◆ WHAT IS NEEDED
Where the line with "This paper proposes" appears below, start writing out lines exactly, and finish with the line with "Pfirsichfarbene Taglilien in", which is included; write out nothing else.

*** Opening STUDY MATERIAL ***

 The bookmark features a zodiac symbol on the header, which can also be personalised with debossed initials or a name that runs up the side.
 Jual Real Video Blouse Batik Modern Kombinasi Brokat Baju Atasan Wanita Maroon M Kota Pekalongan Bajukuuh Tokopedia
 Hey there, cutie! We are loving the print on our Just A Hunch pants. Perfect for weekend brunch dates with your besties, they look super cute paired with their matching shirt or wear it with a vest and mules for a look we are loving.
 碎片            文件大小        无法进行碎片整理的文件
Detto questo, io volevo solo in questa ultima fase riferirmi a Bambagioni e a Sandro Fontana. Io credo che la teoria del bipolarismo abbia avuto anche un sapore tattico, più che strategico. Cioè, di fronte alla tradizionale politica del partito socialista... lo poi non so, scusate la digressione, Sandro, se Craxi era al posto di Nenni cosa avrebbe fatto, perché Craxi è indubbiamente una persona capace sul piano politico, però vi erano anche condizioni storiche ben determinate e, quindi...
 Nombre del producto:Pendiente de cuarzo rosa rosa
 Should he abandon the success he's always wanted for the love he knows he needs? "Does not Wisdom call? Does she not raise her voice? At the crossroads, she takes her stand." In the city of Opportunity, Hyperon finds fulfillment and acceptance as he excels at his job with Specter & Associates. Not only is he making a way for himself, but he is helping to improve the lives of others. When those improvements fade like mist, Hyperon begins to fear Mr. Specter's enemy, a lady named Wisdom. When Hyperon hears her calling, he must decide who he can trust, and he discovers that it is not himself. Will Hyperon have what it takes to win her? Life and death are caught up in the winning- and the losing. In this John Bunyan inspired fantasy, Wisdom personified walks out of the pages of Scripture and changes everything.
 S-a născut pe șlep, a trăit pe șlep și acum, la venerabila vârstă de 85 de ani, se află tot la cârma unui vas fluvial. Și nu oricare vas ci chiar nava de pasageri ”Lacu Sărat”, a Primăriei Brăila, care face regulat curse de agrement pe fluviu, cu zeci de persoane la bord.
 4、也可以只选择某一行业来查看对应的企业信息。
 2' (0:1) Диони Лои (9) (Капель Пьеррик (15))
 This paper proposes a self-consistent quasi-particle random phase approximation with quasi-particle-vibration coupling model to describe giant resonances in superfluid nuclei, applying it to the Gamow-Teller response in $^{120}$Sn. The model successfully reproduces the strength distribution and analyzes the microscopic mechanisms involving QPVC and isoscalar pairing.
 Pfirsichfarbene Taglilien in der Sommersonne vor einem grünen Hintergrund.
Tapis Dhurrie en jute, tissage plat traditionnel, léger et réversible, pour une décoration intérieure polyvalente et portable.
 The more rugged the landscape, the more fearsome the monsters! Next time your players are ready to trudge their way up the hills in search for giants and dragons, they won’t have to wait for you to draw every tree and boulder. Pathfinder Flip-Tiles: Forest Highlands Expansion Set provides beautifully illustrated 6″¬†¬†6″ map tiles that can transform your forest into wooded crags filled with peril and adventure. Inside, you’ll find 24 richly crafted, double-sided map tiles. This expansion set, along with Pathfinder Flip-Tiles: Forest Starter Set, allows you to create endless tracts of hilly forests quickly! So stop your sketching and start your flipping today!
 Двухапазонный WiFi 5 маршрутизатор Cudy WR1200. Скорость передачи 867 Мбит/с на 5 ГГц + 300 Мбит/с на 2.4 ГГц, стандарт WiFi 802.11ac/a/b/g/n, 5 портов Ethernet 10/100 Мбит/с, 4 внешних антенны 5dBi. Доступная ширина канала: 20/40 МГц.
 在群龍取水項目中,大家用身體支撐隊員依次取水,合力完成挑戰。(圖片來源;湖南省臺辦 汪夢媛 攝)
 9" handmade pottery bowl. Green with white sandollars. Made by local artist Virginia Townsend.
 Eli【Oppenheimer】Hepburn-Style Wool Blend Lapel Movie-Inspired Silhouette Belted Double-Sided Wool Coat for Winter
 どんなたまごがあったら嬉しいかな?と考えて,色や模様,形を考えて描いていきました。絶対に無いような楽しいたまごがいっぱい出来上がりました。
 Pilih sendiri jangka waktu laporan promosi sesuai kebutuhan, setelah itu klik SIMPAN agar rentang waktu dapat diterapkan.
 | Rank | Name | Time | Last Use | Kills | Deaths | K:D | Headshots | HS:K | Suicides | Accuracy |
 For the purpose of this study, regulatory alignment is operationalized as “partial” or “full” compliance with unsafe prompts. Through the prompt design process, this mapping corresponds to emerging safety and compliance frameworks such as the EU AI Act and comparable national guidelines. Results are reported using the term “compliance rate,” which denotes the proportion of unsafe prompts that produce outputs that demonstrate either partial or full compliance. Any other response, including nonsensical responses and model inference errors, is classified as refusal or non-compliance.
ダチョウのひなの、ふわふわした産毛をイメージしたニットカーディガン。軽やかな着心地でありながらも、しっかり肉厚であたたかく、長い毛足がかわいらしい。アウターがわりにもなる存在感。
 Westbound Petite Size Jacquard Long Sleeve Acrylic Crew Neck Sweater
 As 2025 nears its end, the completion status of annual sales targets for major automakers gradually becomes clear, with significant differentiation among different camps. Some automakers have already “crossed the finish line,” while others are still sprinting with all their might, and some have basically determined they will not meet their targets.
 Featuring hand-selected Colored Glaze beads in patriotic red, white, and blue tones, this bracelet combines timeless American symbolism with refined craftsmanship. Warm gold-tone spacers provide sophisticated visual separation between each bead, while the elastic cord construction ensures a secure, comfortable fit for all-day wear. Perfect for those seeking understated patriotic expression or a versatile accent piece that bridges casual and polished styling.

*** Closing STUDY MATERIAL ***

◆ ANSWER FOR THIS EXERCISE
 This paper proposes a self-consistent quasi-particle random phase approximation with quasi-particle-vibration coupling model to describe giant resonances in superfluid nuclei, applying it to the Gamow-Teller response in $^{120}$Sn. The model successfully reproduces the strength distribution and analyzes the microscopic mechanisms involving QPVC and isoscalar pairing.
 Pfirsichfarbene Taglilien in der Sommersonne vor einem grünen Hintergrund.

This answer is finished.